One mistake I made was only focusing on the fun parts.  Like, toilet cloth and cloth diapers are fun.  The farm share was fun (until the end of my pregnancy, when I skipped a bunch.)  Even foregoing the a/c was fun after a fashion (satisfies the martyr in me.)  Charts and weighing trash?  Total fun.

Then there was the moderately or fleetingly fun:  growing food (too late in season/potting soil debacle), tracking water usage based on estimates, cutting car trips unless absolutely necessary (we cut a bunch, but honestly could’ve cut more if we wanted to.)

Last, the not fun:  not shopping.  Boy, did I ever suck at this one.  It’s hard not to buy things, or rather, to tell yourself you really don’t need something when you want it.  I did a lot of justifying my purchases–‘I need maternity clothes!  We don’t have any boy baby clothes!  The baby needs a dresser!  Look, that desk would be perfect!  Lucy needs school clothes!’  Some of it was stuff we had always planned on doing (had been looking for a new desk since we moved in here.  Ditto dresser for me, floor lamp which is on its way, and bed mentioned in prior post.)  Some was spendy because I wanted to buy organic cotton for the kids.  Some will save my ass now that I am not pregnant but a size 10 when my other clothes are 2’s.  Some was just plain because I was bored.  This is the sort of knowledge that will save me in the future–when bored, must stay away from shops and internet.

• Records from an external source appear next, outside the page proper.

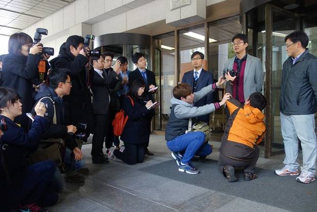 ‘남의 일’일 수만은 없는 40여명의 취재진들도 법정 앞에 모여들었다. 뉴스타파, 한겨레신문, JTBC, OBS 등 다수 매체가 카메라와 수첩에 동료 선후배인 해직기자들의 모습을 기록했다. 이 중에는 YTN 취재진도 있었다. 법정에 들어가기 전 카메라 앞에 선 6명의 해직기자는 다소 긴장한 듯하면서도 담담한, 때로는 웃음 띤 얼굴로 대법원의 현명한 판단에 기대를 걸었다.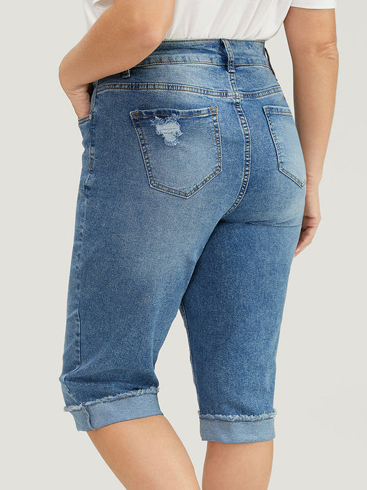 Moderately Stretchy Roll Hem Ripped Knee Denim Shorts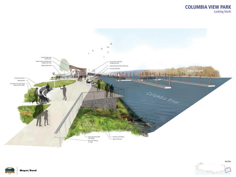 One of the Riverwalk Project. In addition to constructing a new stage and seating infrastructure for Columbia View Park Amphitheater, the project will also expand Columbia View Park, add a new playground, and begin construction of the first part of the public river walk along the Columbia River, according to St. Helens Communications Officer Crystal King. Under Phase One of the Riv-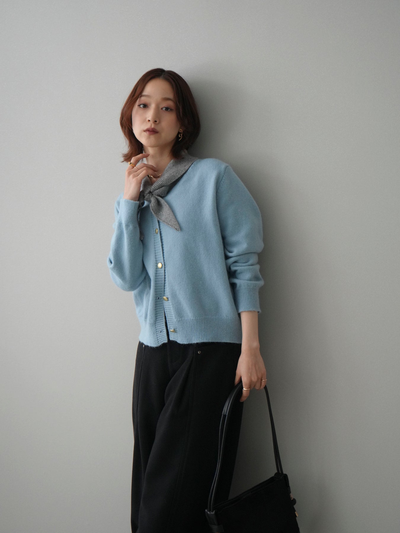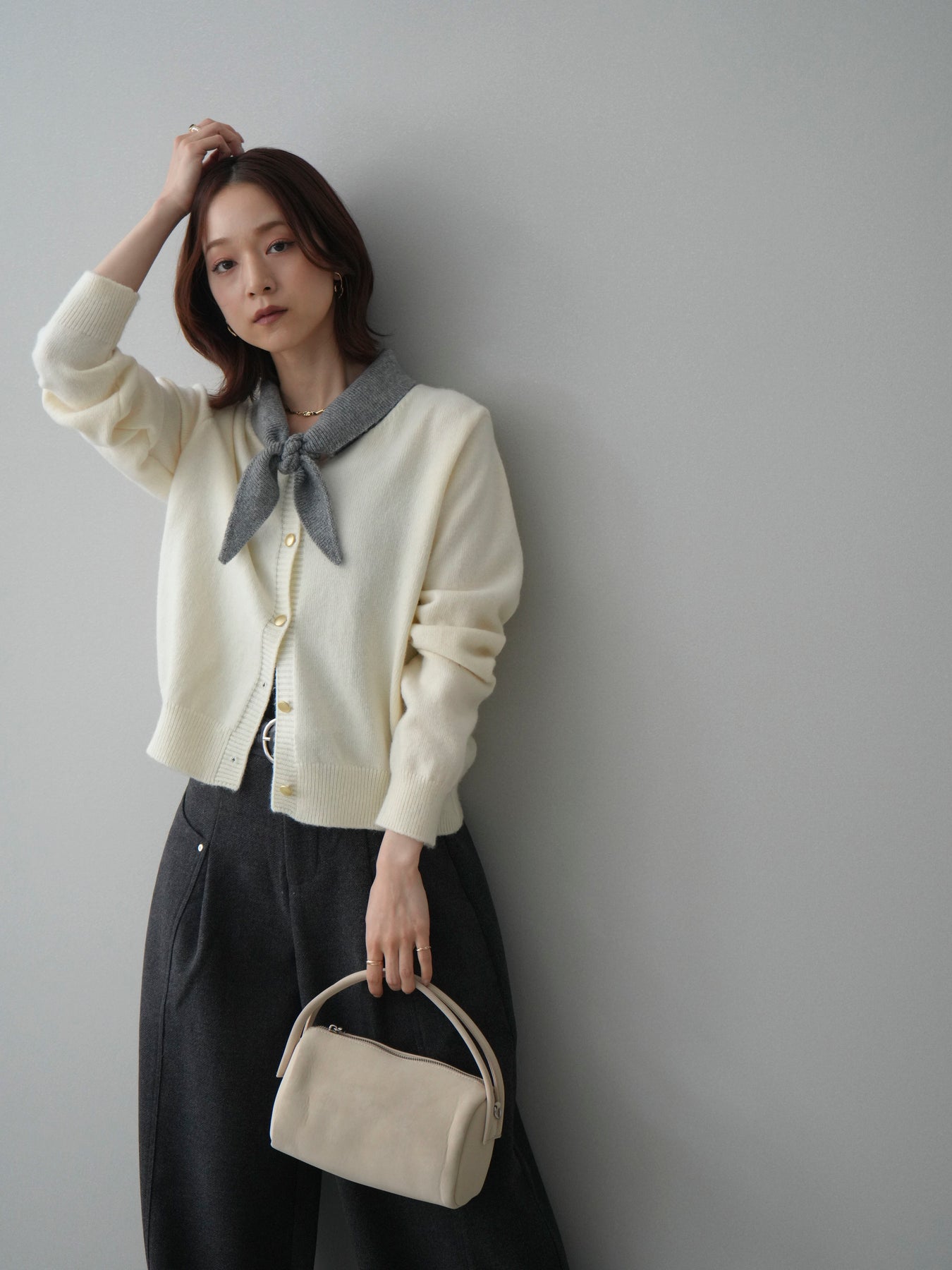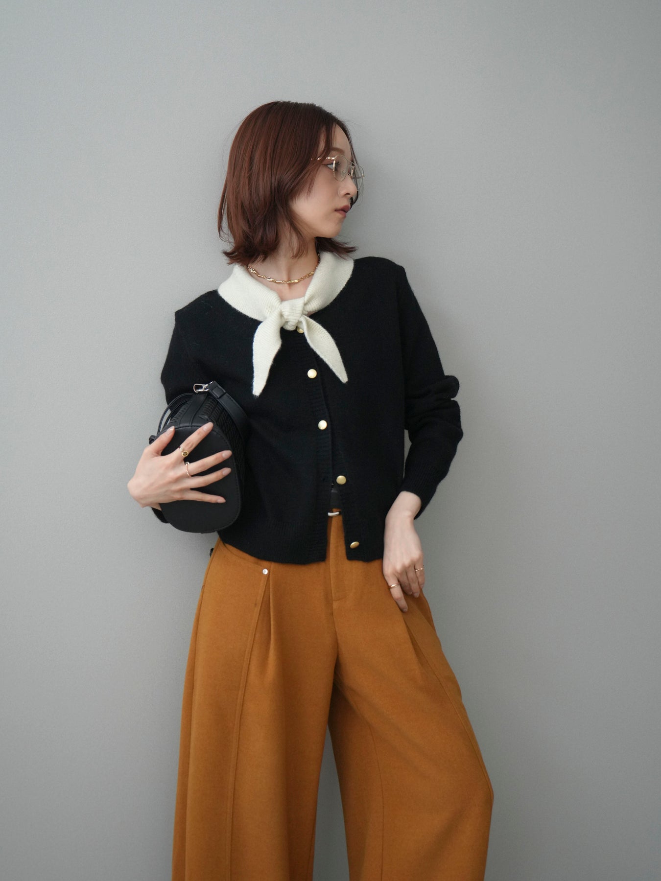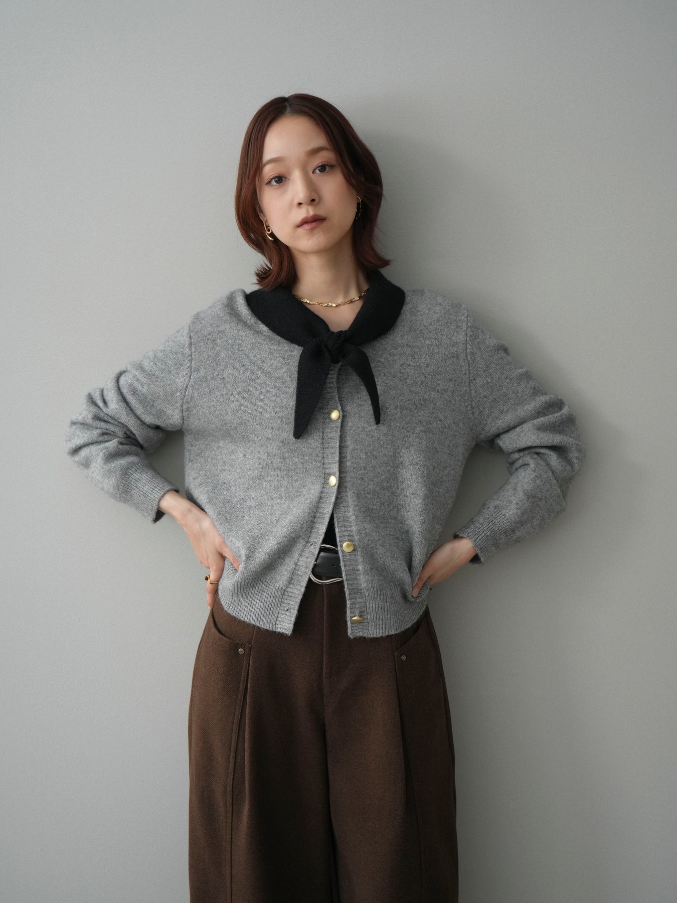 [SET]デザイン襟ニットカーディガン+選べるアクセセット(2set)

Another un-fun thing was giving up eating/take-out.  So we really didn’t.  I tracked separately, and we ate from a restaurant several times a week.  I didn’t count it in the overall numbers because I’m not the person who cooks and therefore wasn’t comfortable telling C that he couldn’t get take-out if he didn’t feel like cooking.   I tried cooking, but I really do hate it.  That said, do I need to get over that hatred?  A-yup, I sure do.

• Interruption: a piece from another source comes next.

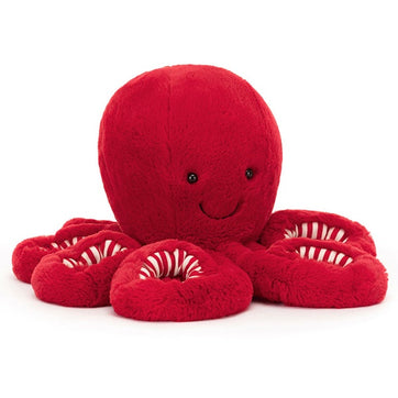 Jellycat Cranberry Octopus is an adorable cephalopod that boasts a rich red hue perfect for the festive season. Its stretchy, candy cane striped tentacles add a playful touch, making it a captivating companion for both kids and adults alike. Crafted from the softest, most luxurious materials, the Cranberry Octopus is designed to be cuddled and loved for years to come.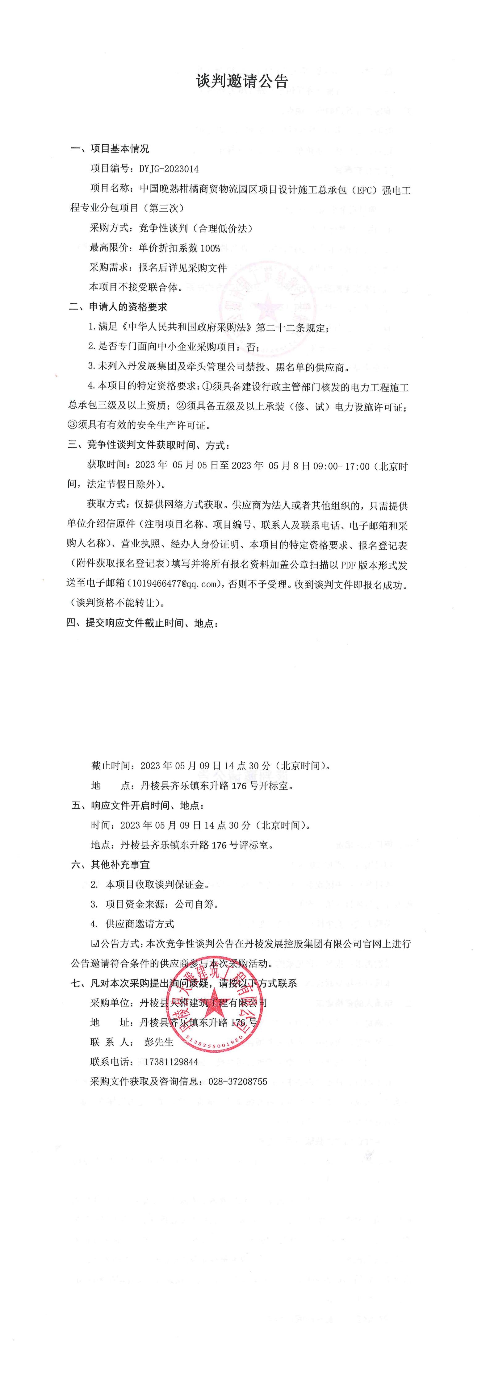 中國晚熟柑橘商貿(mào)物流園區(qū)項目設(shè)計施工總承包(EPC)強電工程專業(yè)分包項目(第三次)談判邀請公告

Now that I have visited the Riot Confessional here, I want to focus on the stuff we need to do to get back on track.  Not for the 90%, but for a long-term sustainability.  Here goes:

  1. We will get the mattress and eat the trash weight if I can’t find someplace that will take it and refurbish/recycle/what-have-you.  We’re going to need a better bed no matter what, and Riot aside, it makes little difference when we get it.
  2. Full-time cloth-diapering starts today.  The belly button is healed so no more excuses.  Lucy is finally out of pull-ups at night, so that will leave the cat litter as the major trash drag.  I will be making a separate category for one-time trash weights that will count against our yearly allowance but allow us to see where we would be without it.
  3. I’ve fallen off with electricity reduction since the baby came home, but will start back up again.  I’ve gotten the dishwasher to every other day so the major drains are computer/peripherals, fridge, tv.  Will replace phone/answering machine combo with plain phone as soon as I find out how to set up the voice mail.  Will replace battery in alarm clock and unplug.  Will replace bathroom lights with cfls as soon as I find vanity bulbs and others burn out.
  4. Heat goes off as soon as insulating drapes/quilt for Lucy’s bed get here.  Will start out turning off main room heaters first, though, then move to bedrooms if we’re surviving.  Actually, we can turn off main room heaters before we get that stuff.  We can only do it with radiator valves, so I’m just hoping it actually makes a difference.  Maybe should research a little…

And overall?  I need to remember, always, that just because I’m doing more than average doesn’t mean there isn’t even more I need to do.  I can get to a 90% reduction, just not as fast as I’d like.  I’m at 75% reduction when you take out consumer goods, and that’s pretty damn good.  I just have to regroup and learn from my missteps.  Even with CG, I’m 46% below average for the year (72% for October).  If we keep on October’s track, we’ll be at 59% reduction for the year (78%reduction w/o CG.)  Not too terrible considering my serious missteps of the summer.

Not terrible, but not cause for slacking off.  I still want to have 90% reduction for at least one month this year, and then for all the rest.  It’s past the point of interesting project, after all.  It’s really about survival.  The back-patting is nice, but the ‘more’ isn’t enough.